Las nuevas imágenes que se han ido adquiriendo sobre la zona e incluso
los propios montículos, así como nuevos estudios geológicos,
sugieren que los montículos podrían ser volcanes de barro.
Esto demostraría que no se eligieron formaciones rocosas al azar en
el estudio, sino que, ahora sabemos que podrían tratarse de este
tipo de volcanes. Un volcán de barro, que también existe en la
Tierra, es una estructura cónica que no tiene nada que ver con los
volcanes de lava o magma fundido.
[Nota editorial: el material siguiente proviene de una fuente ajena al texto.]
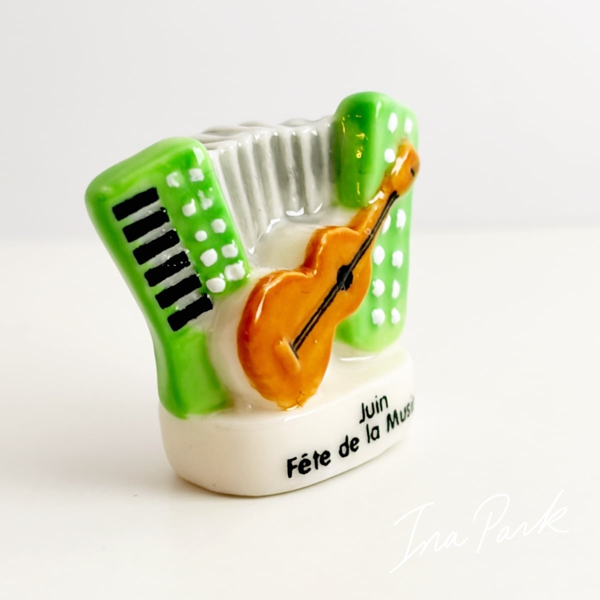 6月の音楽祭 アコーディオンとバイオリンの楽器のフェーヴ フェーブ フランス製 ミニチュア 陶器 雑貨 置物

Lo que se expulsa, desde las
profundidades de la corteza, son gases, mezclados con arcillas y
agua. En el caso de Marte, se han detectado una gran cantidad de
posibles volcanes de barro en la región de Acidalia Planitia, que
es, precisamente, donde está ubicada la Cara de Marte, y, apenas a
unos kilómetros de ella, los citados montículos. De hecho, el
brillo con el que destacan en las fotos de la Viking se debe,
probablemente, a que el material eyectado es rico en minerales de
hierro. Además, se sospecha que el estudio in situ de dichos
montículos de barro podría proporcionar datos muy interesantes
sobre posible vida microscópica actual, puesto que en las
profundidades de la corteza podrían darse mejores condiciones para
la vida que en la superficie marciana.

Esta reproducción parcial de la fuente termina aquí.